= INPUT =
----------------------------------------
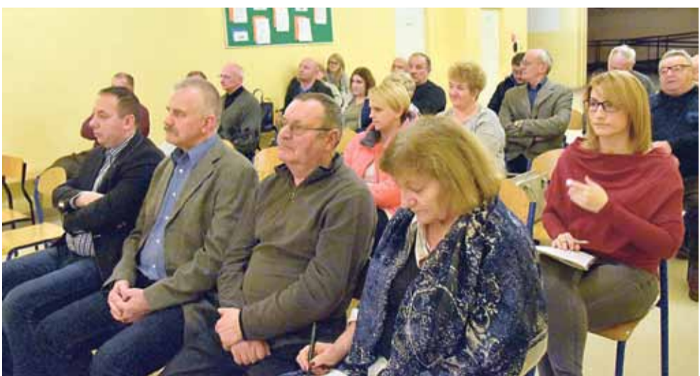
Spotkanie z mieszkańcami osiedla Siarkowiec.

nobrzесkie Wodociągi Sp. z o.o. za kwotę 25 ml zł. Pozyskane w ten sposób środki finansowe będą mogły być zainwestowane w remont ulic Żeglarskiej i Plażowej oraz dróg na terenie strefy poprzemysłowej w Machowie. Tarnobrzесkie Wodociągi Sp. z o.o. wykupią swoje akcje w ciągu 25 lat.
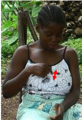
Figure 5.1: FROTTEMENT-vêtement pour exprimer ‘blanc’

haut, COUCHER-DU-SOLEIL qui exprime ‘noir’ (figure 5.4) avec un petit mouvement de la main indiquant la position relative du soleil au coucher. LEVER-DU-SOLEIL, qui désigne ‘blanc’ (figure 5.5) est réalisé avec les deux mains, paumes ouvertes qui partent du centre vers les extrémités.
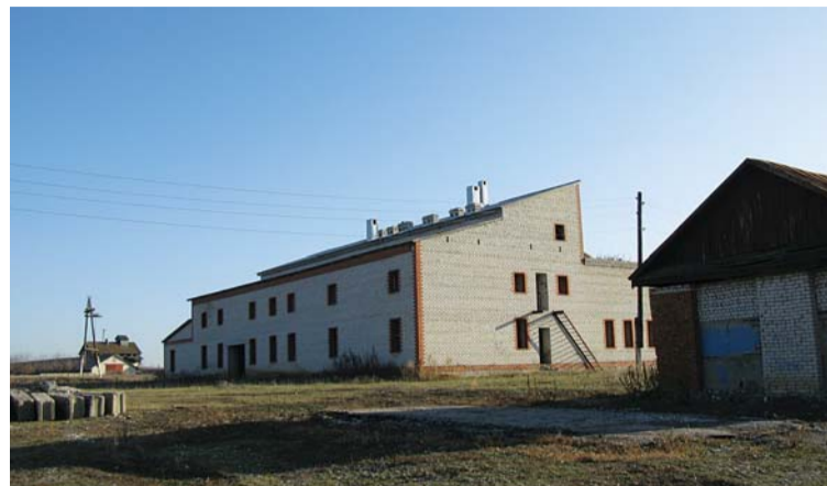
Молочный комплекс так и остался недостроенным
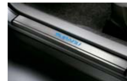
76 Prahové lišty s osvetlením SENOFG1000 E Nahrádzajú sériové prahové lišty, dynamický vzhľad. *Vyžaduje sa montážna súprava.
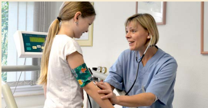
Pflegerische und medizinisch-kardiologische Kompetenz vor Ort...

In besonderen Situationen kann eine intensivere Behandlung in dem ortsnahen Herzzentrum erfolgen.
----------------------------------------
Working from the line containing "haut, COUCHER-DU-SOLEIL qui" to the last line of the data, retype every line exactly, both ends included, and leave out all pictures.

haut, COUCHER-DU-SOLEIL qui exprime ‘noir’ (figure 5.4) avec un petit mouvement de la main indiquant la position relative du soleil au coucher. LEVER-DU-SOLEIL, qui désigne ‘blanc’ (figure 5.5) est réalisé avec les deux mains, paumes ouvertes qui partent du centre vers les extrémités.
Молочный комплекс так и остался недостроенным
76 Prahové lišty s osvetlením SENOFG1000 E Nahrádzajú sériové prahové lišty, dynamický vzhľad. *Vyžaduje sa montážna súprava.
Pflegerische und medizinisch-kardiologische Kompetenz vor Ort...

In besonderen Situationen kann eine intensivere Behandlung in dem ortsnahen Herzzentrum erfolgen.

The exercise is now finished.